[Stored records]
--- START ---

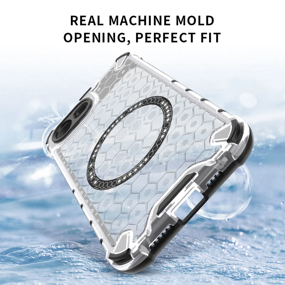 Kryt Techsuit HoneyComb Shield MagSafe se pyšní transparentním zádovým panelem s unikátním voštinovým (honeycomb) vzorem, který nejen skvěle vypadá, ale také přispívá k lepší absorpci nárazů. Dominantním prvkem je integrovaný MagSafe kroužek, elegantně ohraničený drobnými tečkami, který zajišťuje perfektní kompatibilitu s MagSafe příslušenstvím a bezdrátovým nabíjením.
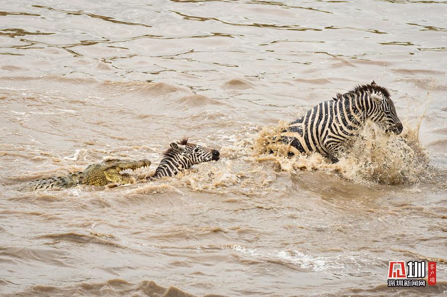 2020年5月20日報道(具體拍攝時間不詳),印度攝影師Nimit Virdi在肯尼亞賽馬拉國家保護區(qū)中親眼目睹到鱷魚獵食的震撼畫面。
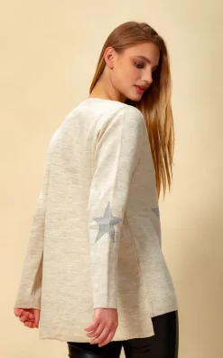 Best deal 💯 HOXTON GAL Oversized Long Sleeves Star Top With V Neck In Cream ⭐
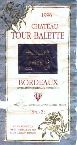 - (赤) フランス: CHATEAU TOUR BALETTE BORDEAUX (1996)
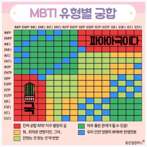 istp랑 esfj랑 천생연분이라고 궁합표 보면 그렇게 되어있던데 왜그런거임? 아무리봐도 한 명이 일방적으로 상처받는 관계 같은데(나 잇팁임)

--- END ---

■ Aim of the exercise ■
Word for word, output the lines from the line bearing "Best deal 💯" through the end of the records above, and only those, without the pictures.

■ Result below ■
 Best deal 💯 HOXTON GAL Oversized Long Sleeves Star Top With V Neck In Cream ⭐
 - (赤) フランス: CHATEAU TOUR BALETTE BORDEAUX (1996)
 istp랑 esfj랑 천생연분이라고 궁합표 보면 그렇게 되어있던데 왜그런거임? 아무리봐도 한 명이 일방적으로 상처받는 관계 같은데(나 잇팁임)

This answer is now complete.